Instructors and staff persons are often the first persons a student will turn to when a problem threatens to overwhelm them, particularly someone they have worked with over a long period of time. When the student shares something heavy and asks for your help, what should you do?
When you are involved in “compassionate listening,” there is a very fine line between offering advice and “counseling.” On one hand you do not want to reject the plea for help; on the other hand, you may not feel that you have adequate skills to help with the problem.
When faced with this dilemma, the best solution is to listen, then encourage the student to share the problem with the school counselor. By acknowledging that the problem is real and that it is serious, you are validating to the student that their feelings are legitimate. They may have heard “oh, you shouldn’t feel that way” from parents or friends, and that is not helpful. They do feel that way, and feelings are neither right nor wrong, they just are. To have feelings validated is one of the most helpful things that you can do for a person in distress.
You are not going to be able to solve the problem for the student. What you can do is help normalize what the person is going through (the way they feel is legitimate for the problem at hand), and then either WALK THEM OVER to the counselor’s office (north end of the Learning Resource Center) or call and have the counselor come to your office if the student is too distraught or afraid to leave your office. The counselor can’t fix the problem for the student either, but she can listen for themes, patterns of behaviors, etc. and help the student see different ways of looking at the problems. Often counseling is simply a process of discovering what the student already has figured out as a way to work on the issue (and they do have ideas about what they want to do once you get past the emotionality!) If the student needs a referral, the counselor knows community resources to help.

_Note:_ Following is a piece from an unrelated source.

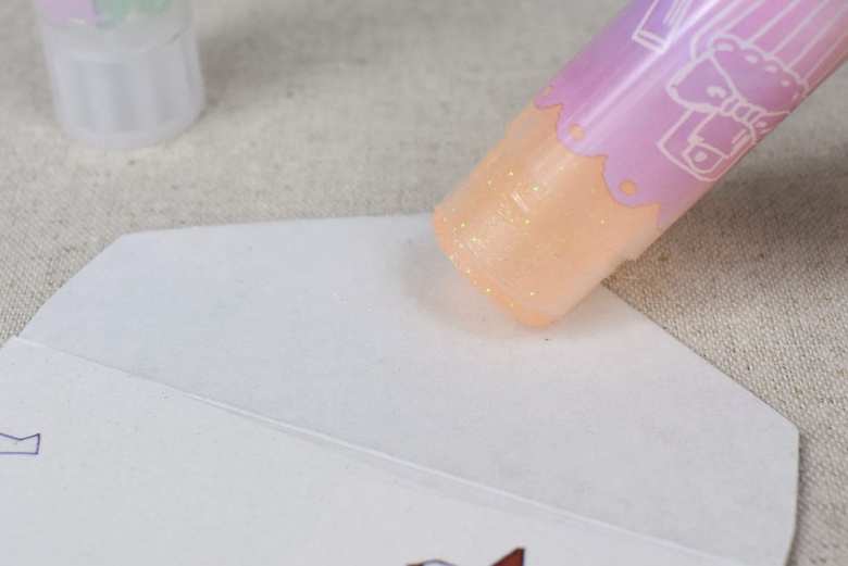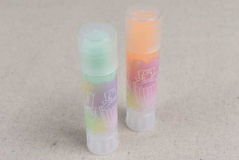 同商品には2つのスティックのりが同梱。どちらも透明な容器となっており、中身ののりが透けています。のりの色はパステルカラーで、グリーンとオレンジの2色。両方ともラメが入っているため、キラキラと輝いて綺麗です。

Students will resist leaving someone they trust (instructor) and going to another person because of shame, their need for independence, fear of being labeled as crazy if they have to see a counselor, low self-esteem, and the fear of vulnerability. It is helpful to point out that everyone has problems, but sometimes when too many pop up at once, or the problem is severe, it’s hard to handle it in the usual ways. Counseling is not fixing someone who is crazy. It is merely pointing out to the person in distress alternative ways they can look at the problem and come up with their own solutions.